Glossary of Business Terms

All-scrip offer: shares only, no cash.
Asset stripping: the buying of a company in order to sell off its assets or businesses separately.
Balance sheet: one of the most important statements in a company’s accounts, showing its assets and liabilities and how the business is funded by shareholders and debt.
Capital expenditure: ‘capex’ is the amount a company spends on buying fixed assets or investing in its own businesses.
Capitalisation: a measurement of corporate or economic size equal to the share price multiplied by the number of shares issued by a public company.
Depression: a severe economic downturn that lasts several years and adversely affects all economic indicators. The Great Depression of 1929 lasted for more than five years.
Hedging: a position established in one market in an attempt to offset exposure to the price risk of an equal but opposite obligation or position in another market – a strategy designed to minimise exposure to such business risks as a sharp contraction in demand for the business’s inventory while still allowing the business to profit from producing and maintaining that inventory.
Initial public offering: an IPO, or flotation, is when a company seeking capital, or a privately owned company looking to become publicly traded, issues common stock or shares to the public for the first time.
Issue price: the price at which the shares in an IPO are issued to the public. Either the company, with the help of its lead managers, fixes the price or it is arrived at through building a book of investors with the help of a merchant bank.
Recession: a general slowdown in economic activity over a sustained period of time, or a contraction in the business or commodity cycles.
Redeemable preference shares: shares that give the shareholder rights to dividends on specific dates, and often rights of redemption at the shareholder’s request.
Rights issue: a publicly quoted company can opt for a rights issue to raise capital from its shareholders. It is offered to all existing investors individually and may be rejected, accepted in full or accepted in part. Rights are often transferable, allowing the holder to sell them on the open market. Shares are generally issued on a ratio basis (e.g. a one-for-three rights issue).
Takeover bid: an attempt by one company to take control of another, usually by informing the board of directors that it intends to make an offer to its shareholders. If the board feels that accepting the offer is in the best interest of its shareholders, it recommends the offer be accepted.

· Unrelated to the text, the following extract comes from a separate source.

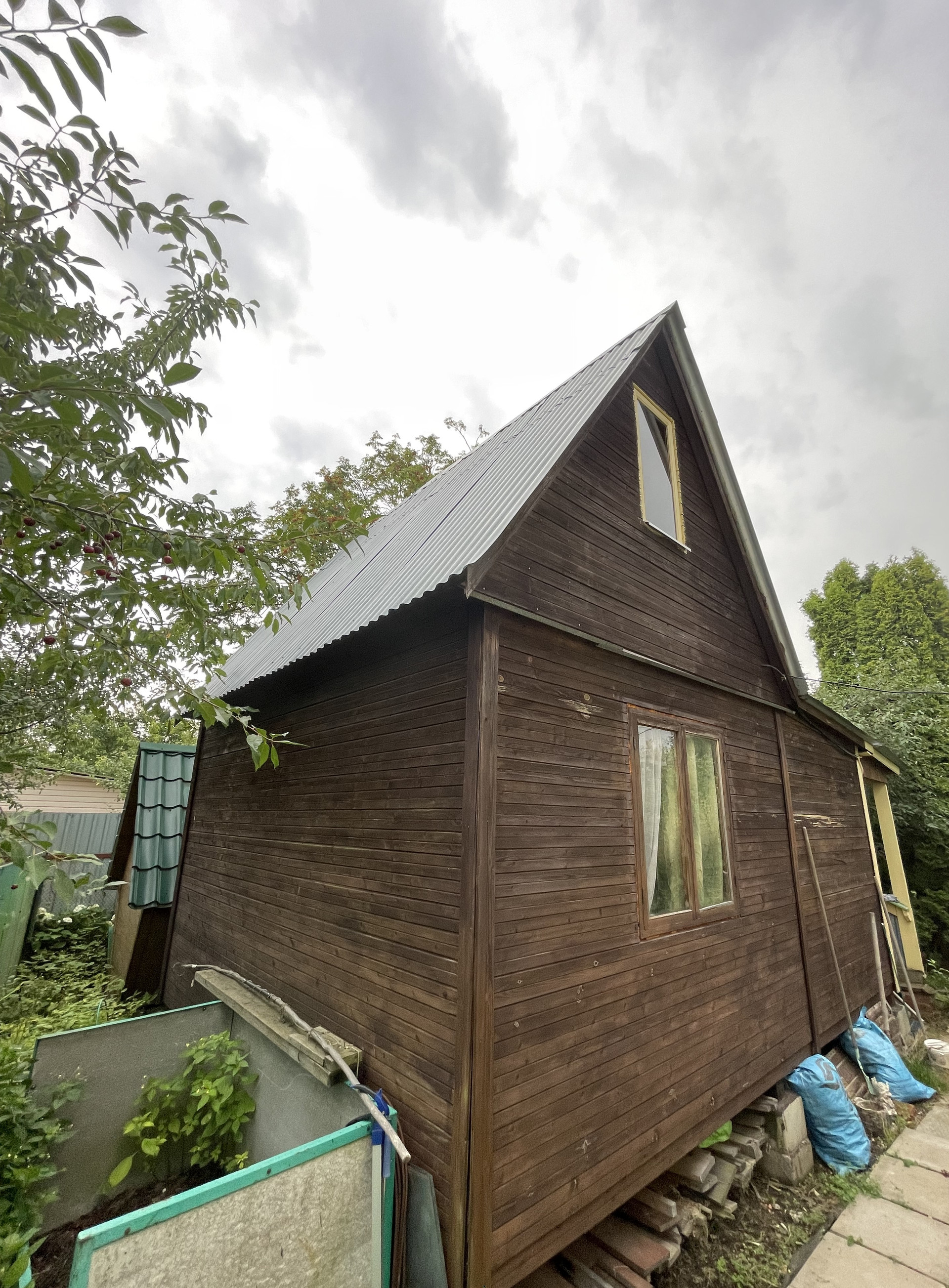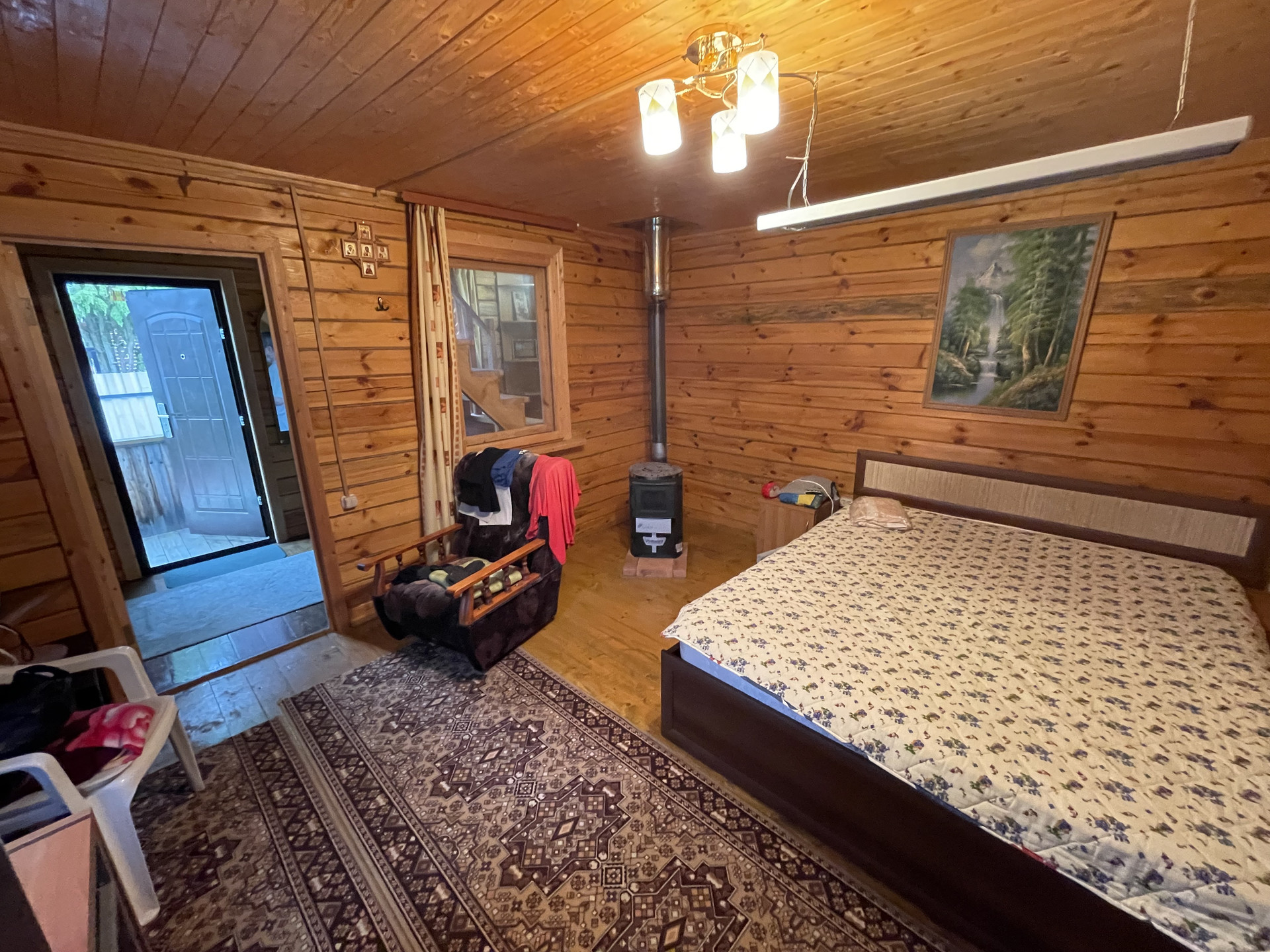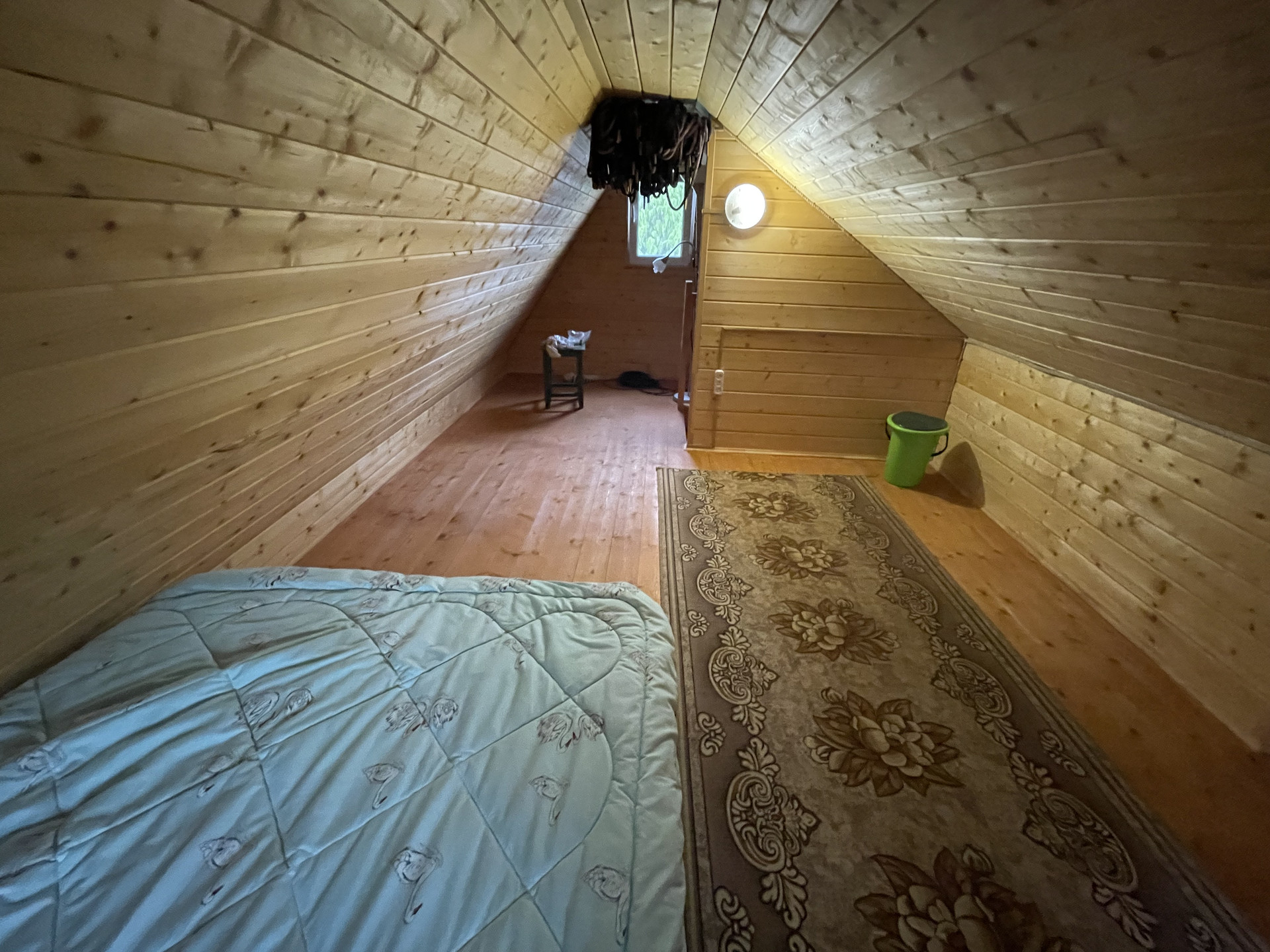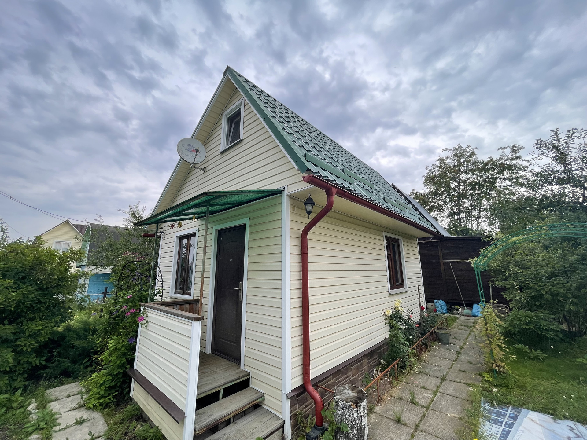 Крыша металлочерепица, окна 2-е деревянные и ПВХ, фундамент – плита, снаружи дом обит сайдингом, внутренняя отделка - вагонка, деревянная лестница. Дом полностью готов к сезонному проживанию, планировка 1 эт.: прихожая с лестницей на 2 эт., комната отдыха с печью; 2 эт. одна комнат. Подключен свет 5 кВт с разводкой по дому, установленный эл. обогреватели, ТВ антенна.

A takeover is considered ‘hostile’ if the target company’s board rejects the offer but the bidder continues to pursue it, or the bidder makes the offer without prior notification to the target company’s board.

A hostile takeover can be conducted through a ‘tender offer’ where the acquiring company makes a public offer at a fixed price above the current market price to all stockholders to tender their stock for sale at a fixed price during a specified time, subject to the tendering of a minimum or maximum number of shares.

The bidder conducts ‘due diligence’ into the affairs of the target company to find out exactly what it is taking on in terms of financial, legal, labour, tax, IT, environmental and commercial matters.

In a ‘reverse takeover’, control goes to the shareholders (and usually management) of the company that is being acquired. A reverse takeover will almost always take place through a pure-equity acquisition or share swap.
Takeover premium: the temporarily inflated share price brought about by a takeover bid.